Disse ainda que não compactua com qualquer ato discriminatório, e que “incluirá as imagens deste fato nos treinamentos internos para evitar que se repitam”.
Caso
O crime aconteceu no dia 28 de dezembro. Luís mora na Bahia há sete e contou que esteve na loja da Zara em busca de uma mochila nova, que viu pela internet. Depois de encontrar a mochila que queria, ele deixou ela no caixa e saiu da loja para sacar o dinheiro.
Ao retornar para a Zara, ele fez o pagamento do objeto e então saiu com a compra e a nota fiscal, que comprava o pagamento. Com pressa, porque precisava voltar rápido para casa, na região metropolitana de Salvador, ele deixou o troco no caixa e foi ao banheiro, onde acabou abordado pelo segurança.
“Ele ficou atrás de mim. De início, eu não liguei porque não tinha ideia de que seria comigo aquilo. Aí ele chegou perto de mim e falou: ‘eu quero que você devolva agora a mochila que você roubou na loja da Zara’. Eu respondi que tinha comprado a mochila e ainda falei que tinha o comprovante, mas ele não quis ouvir e insistiu para que eu devolvesse”, contou ele, na época.
Depois disso, o segurança – que não teve identidade divulgada – tomou a mochila da mão de Luís e saiu pelo corredor.
“Eu fiquei muito nervoso e saí discutindo pelo corredor atrás dele. Quando chegamos de volta na loja, procurei o rapaz que me atendeu e perguntei a ele de quem era a mochila. O atendente respondeu que era minha, que eu havia comprado. Aí ele ficou sem jeito”, lembrou a vítima.
Mesmo com a situação explicada pelo atendente da loja e o comprovante de pagamento da mochila, o segurança se recusou a devolver a mochila para Luís.
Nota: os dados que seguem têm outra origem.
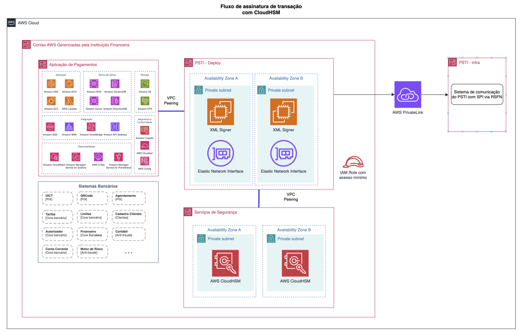 O CloudHSM oferece integração com bibliotecas padrão da indústria como PKCS#11 e JCE, facilitando a migração de aplicações existentes. A arquitetura mantém o princípio de segregação, com as aplicações na conta de implantação do PSTI acessando o cluster HSM através de conexões seguras e autenticadas via Elastic Network Interface, permitindo comunicação direta entre as VPCs através de VPC Peering, além de ter Security Groups para permitir maior controle de proteção.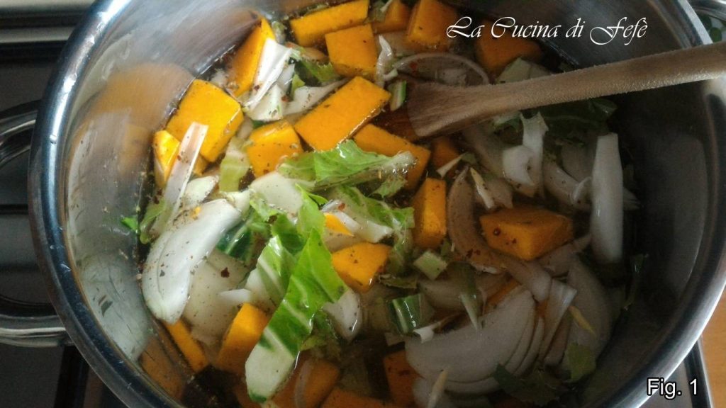 Begin eerst met het maken van een goede groentebouillon door de pompoen in blokjes te snijden, de uien in partjes en de bloemkoolresten in stukjes, breng dan gezouten aan de kook. Kook gedurende 25 minuten of totdat de groenten zacht lijken (fig. 1).

“Eu puxei a mochila da mão dele e ele me ignorou, saiu andando. Eu fui atrás dele, revoltado, e pedi: ‘Quero saber quem é o seu responsável para entender o motivo desse tipo de abordagem'”.
“Aí encontrei a pessoa responsável pela segurança, e perguntei: ‘Você pode me dizer que tipo de treinamento, formação ou educação vocês dão para os seguranças? Se fosse um homem branco, ele teria coragem de entrar no banheiro e fazer isso? Me acusar de roubo, me retirar do banheiro, eu com o comprovante na mão?”.
Ainda assim, Luís relatou que foi tratado com desdém pelo responsável pela segurança. Ele então falou que sabia dos direitos dele.
“Eu falei a ele: ‘eu não sou leigo, não sou burro. Tenho graduação em Ciências Humanas, licenciatura, e faço duas pós-graduações, uma delas em Gênero e Direitos Humanos. Eu sei o que é racismo e o que você está fazendo’. Nesse momento, a fisionomia dele mudou e ele abaixou a cabeça”.
“Me senti humilhado por ser negro. Foi como se ele tivesse me matado e me deixado na rua, de qualquer jeito. Doeu muito. E em nenhum momento eles pediram desculpas. Eu cheguei em casa arrasado, com uma dor de cabeça intensa”. As informações são do g1 Bahia.